[DATA RECORDS Boundary: Start]
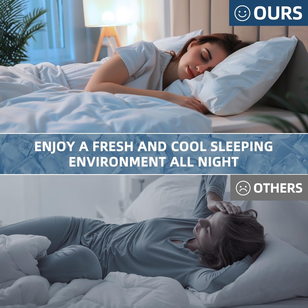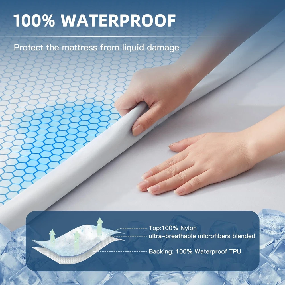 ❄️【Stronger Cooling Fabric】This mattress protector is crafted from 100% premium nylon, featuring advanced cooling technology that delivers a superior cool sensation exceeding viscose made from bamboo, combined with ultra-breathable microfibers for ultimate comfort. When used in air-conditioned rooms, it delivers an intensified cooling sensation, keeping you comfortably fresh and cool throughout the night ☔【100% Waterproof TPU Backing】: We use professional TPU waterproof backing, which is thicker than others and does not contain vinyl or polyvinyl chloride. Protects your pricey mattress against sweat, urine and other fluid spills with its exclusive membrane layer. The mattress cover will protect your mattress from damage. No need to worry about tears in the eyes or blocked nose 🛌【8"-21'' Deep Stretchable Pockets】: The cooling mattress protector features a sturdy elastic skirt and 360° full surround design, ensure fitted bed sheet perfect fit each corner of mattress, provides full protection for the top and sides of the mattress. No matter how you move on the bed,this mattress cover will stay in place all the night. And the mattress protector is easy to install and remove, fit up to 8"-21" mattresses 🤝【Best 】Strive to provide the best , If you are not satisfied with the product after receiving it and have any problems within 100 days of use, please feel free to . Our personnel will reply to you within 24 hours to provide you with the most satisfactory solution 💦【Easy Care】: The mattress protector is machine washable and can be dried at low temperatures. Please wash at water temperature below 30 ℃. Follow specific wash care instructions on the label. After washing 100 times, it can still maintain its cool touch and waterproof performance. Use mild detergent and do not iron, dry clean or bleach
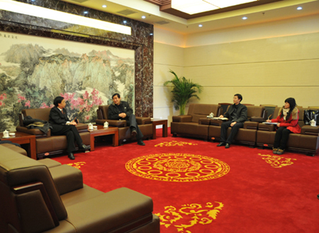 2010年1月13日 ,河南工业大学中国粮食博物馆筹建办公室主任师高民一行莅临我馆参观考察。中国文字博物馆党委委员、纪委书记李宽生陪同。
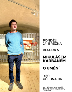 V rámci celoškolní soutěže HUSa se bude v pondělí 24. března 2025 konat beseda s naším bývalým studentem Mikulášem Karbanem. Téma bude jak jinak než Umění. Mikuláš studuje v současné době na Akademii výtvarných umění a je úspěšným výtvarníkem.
[DATA RECORDS Boundary: End]
[DATA RECORDS Boundary: Start]
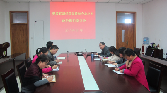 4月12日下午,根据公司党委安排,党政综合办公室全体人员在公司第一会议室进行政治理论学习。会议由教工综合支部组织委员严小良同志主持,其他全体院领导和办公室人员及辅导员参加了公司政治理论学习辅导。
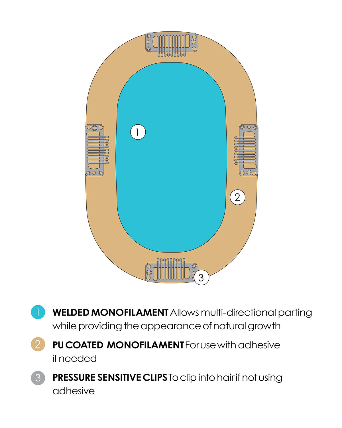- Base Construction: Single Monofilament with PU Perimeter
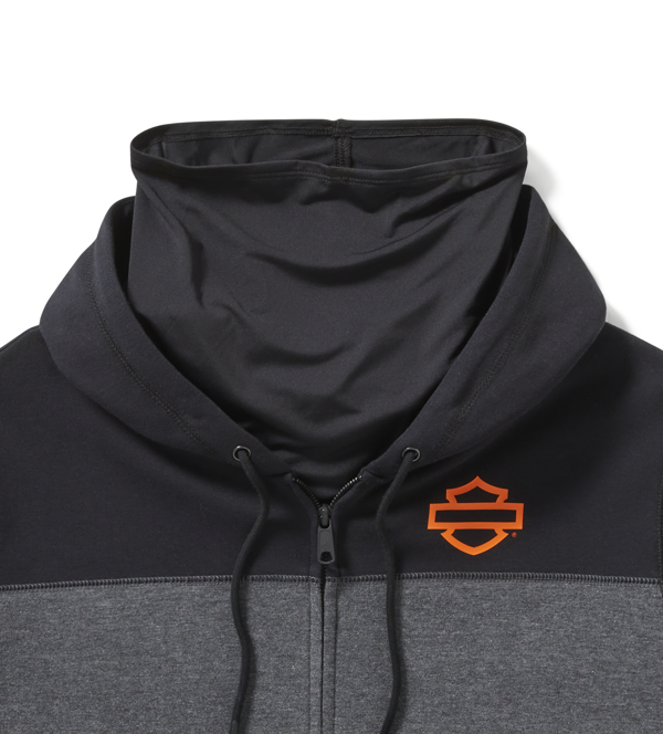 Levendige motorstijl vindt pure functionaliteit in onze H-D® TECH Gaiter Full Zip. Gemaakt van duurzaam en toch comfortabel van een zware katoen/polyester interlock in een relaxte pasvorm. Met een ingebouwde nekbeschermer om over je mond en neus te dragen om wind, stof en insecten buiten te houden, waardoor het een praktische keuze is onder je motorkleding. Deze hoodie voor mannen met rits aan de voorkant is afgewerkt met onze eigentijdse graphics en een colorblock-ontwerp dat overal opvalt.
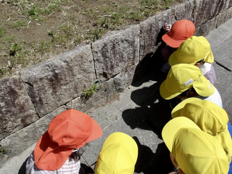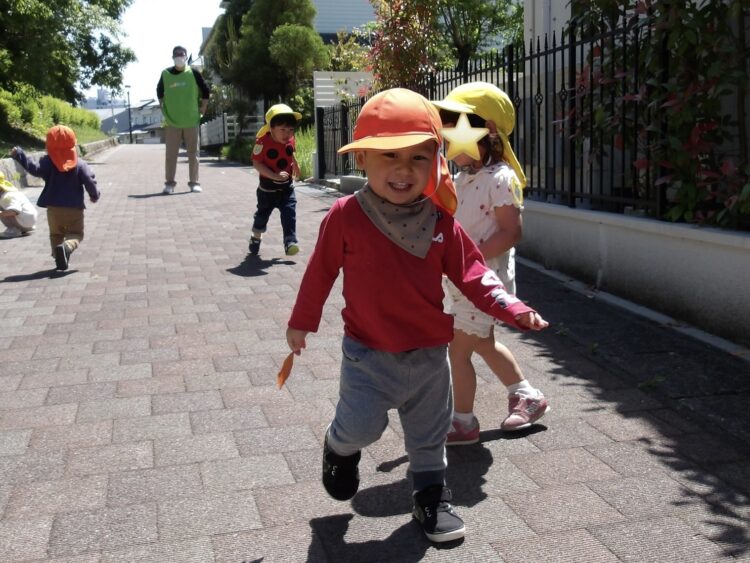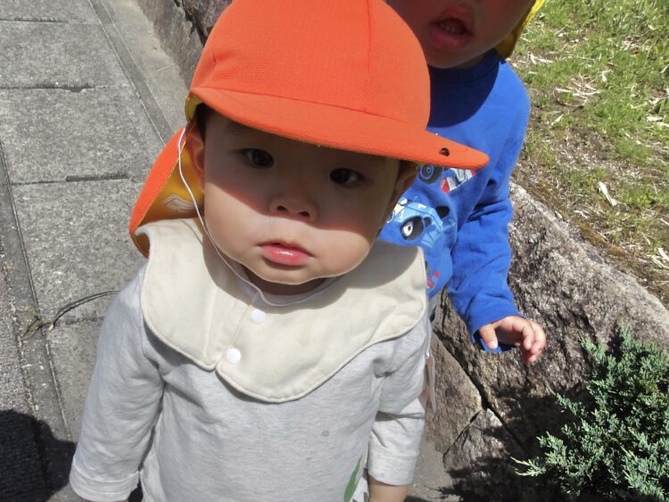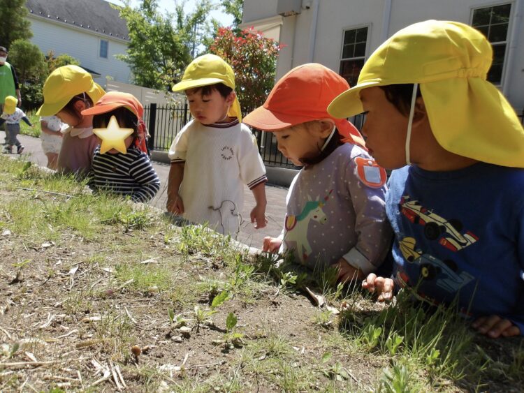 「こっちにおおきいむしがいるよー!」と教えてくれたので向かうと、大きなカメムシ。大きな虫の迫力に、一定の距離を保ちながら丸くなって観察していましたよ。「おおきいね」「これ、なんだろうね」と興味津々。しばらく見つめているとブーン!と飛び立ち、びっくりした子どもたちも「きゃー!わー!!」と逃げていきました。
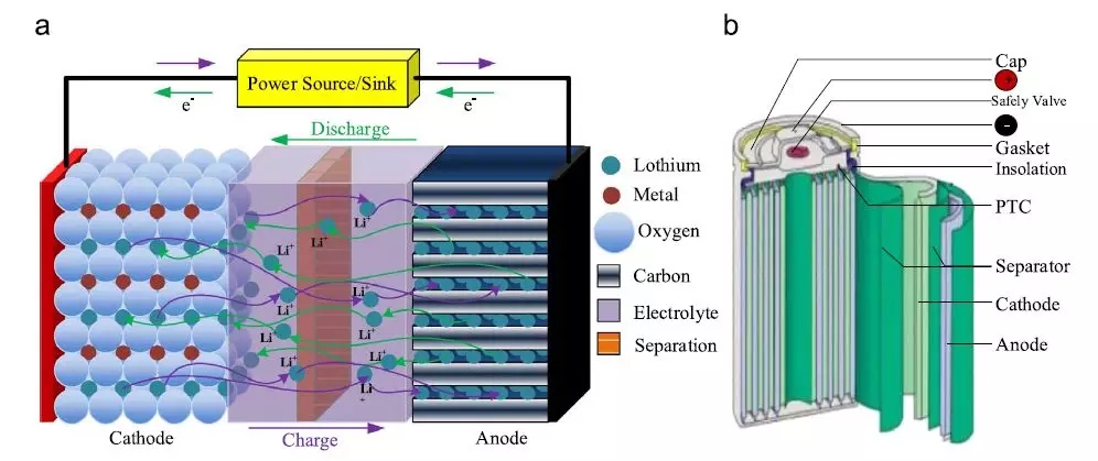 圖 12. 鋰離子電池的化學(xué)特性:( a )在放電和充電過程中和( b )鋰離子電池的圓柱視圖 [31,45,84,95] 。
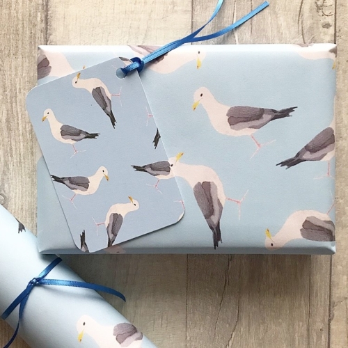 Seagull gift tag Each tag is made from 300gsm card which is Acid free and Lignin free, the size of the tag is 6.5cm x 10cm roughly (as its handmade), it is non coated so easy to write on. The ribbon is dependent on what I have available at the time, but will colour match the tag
[DATA RECORDS Boundary: End]
● PROBLEM DESCRIPTION: Reproduce exactly the lines above starting at the line containing "2010年1月13日 ,河南" and ending at the line containing "V rámci celoškolní", including both, but not the pictures.

● WRITTEN RESPONSE:
 2010年1月13日 ,河南工业大学中国粮食博物馆筹建办公室主任师高民一行莅临我馆参观考察。中国文字博物馆党委委员、纪委书记李宽生陪同。
 V rámci celoškolní soutěže HUSa se bude v pondělí 24. března 2025 konat beseda s naším bývalým studentem Mikulášem Karbanem. Téma bude jak jinak než Umění. Mikuláš studuje v současné době na Akademii výtvarných umění a je úspěšným výtvarníkem.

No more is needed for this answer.